WHAT IS BEING ASKED: Beginning with the line that holds "接著她送上一份正在冒著熱氣的" and ending with the last line below, please copy every line exactly, add nothing, and leave out the pictures.

DATASET SECTION:
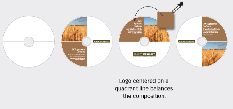 Dividing the space into quarters imposes a grid on the circle that makes your design decisions easier—image goes in one quarter, text in another, logo in a third. The quickest way to color-coordinate the text field is to sample it from the image.
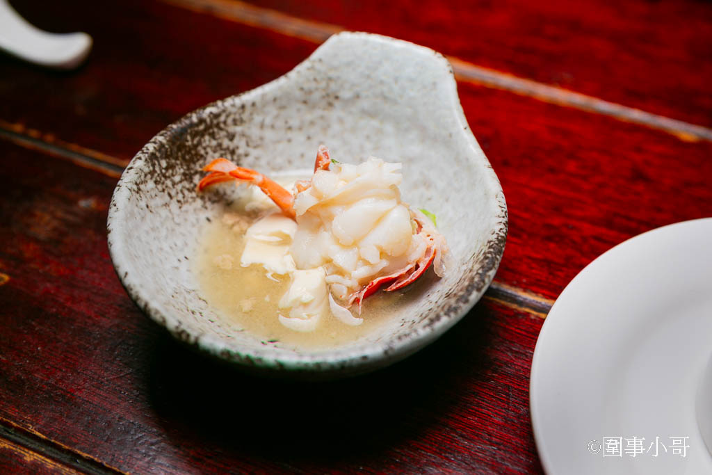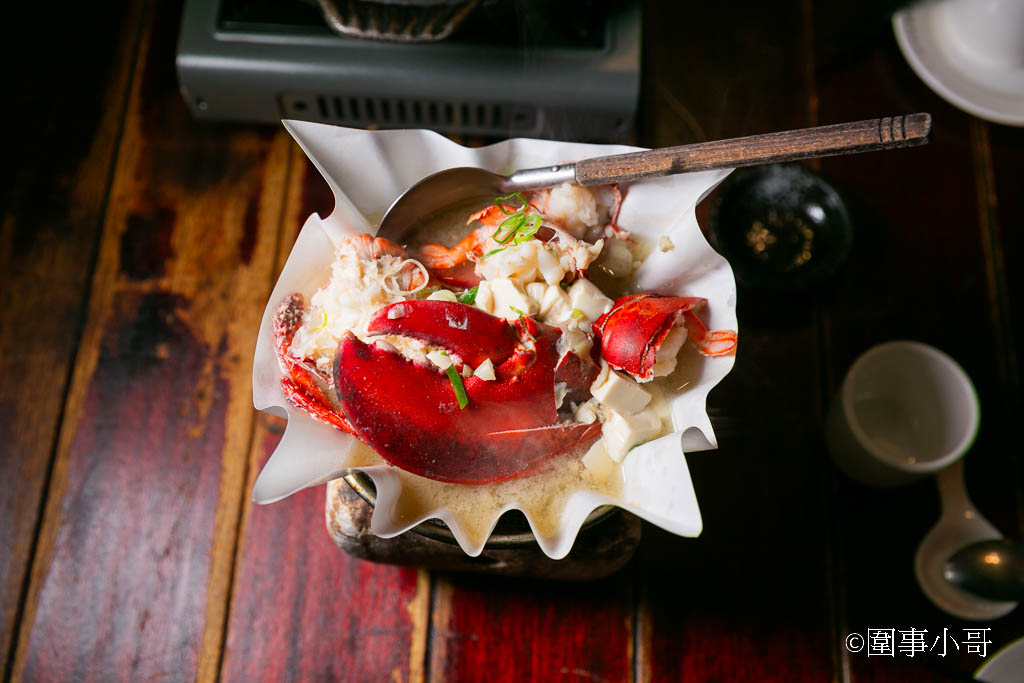 接著她送上一份正在冒著熱氣的火鍋,是紙火鍋呢。紙火鍋可以吸附雜質與油脂,煮出來的火鍋湯清味鮮。而且鍋裡的龍蝦肉質非常的肥美,在清徹的味噌湯頭裡燉煮著,也太誘人了啦。
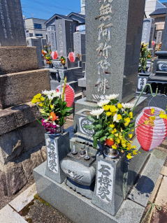 お墓参りを済ませてきました。昨日、叔母のお葬式でお供えしてあったお花をいただいてきていたので、今年は豪華です。猛暑・酷暑・炎暑で、熱中症寸前の状態になってしまい、無事に家に帰ることができるか?怖かったです。なんとか?家に帰りつき、何杯も麦茶をがぶ飲みし、エアコンが効き始めたので、なんとか回復しました。以来、もう外出はしたくなくなり、エアコンの部屋にこもっていました。夕方から、空模様が怪しくなり、ゴロゴロと雷鳴が聞こえてきています。いったん、エアコンを切ってみたんですが、、とても我慢できません。すぐに、ONしました。今日の最高気温は、38.7℃でした。 |

EXERCISE RESULT:
 接著她送上一份正在冒著熱氣的火鍋,是紙火鍋呢。紙火鍋可以吸附雜質與油脂,煮出來的火鍋湯清味鮮。而且鍋裡的龍蝦肉質非常的肥美,在清徹的味噌湯頭裡燉煮著,也太誘人了啦。
 お墓参りを済ませてきました。昨日、叔母のお葬式でお供えしてあったお花をいただいてきていたので、今年は豪華です。猛暑・酷暑・炎暑で、熱中症寸前の状態になってしまい、無事に家に帰ることができるか?怖かったです。なんとか?家に帰りつき、何杯も麦茶をがぶ飲みし、エアコンが効き始めたので、なんとか回復しました。以来、もう外出はしたくなくなり、エアコンの部屋にこもっていました。夕方から、空模様が怪しくなり、ゴロゴロと雷鳴が聞こえてきています。いったん、エアコンを切ってみたんですが、、とても我慢できません。すぐに、ONしました。今日の最高気温は、38.7℃でした。 |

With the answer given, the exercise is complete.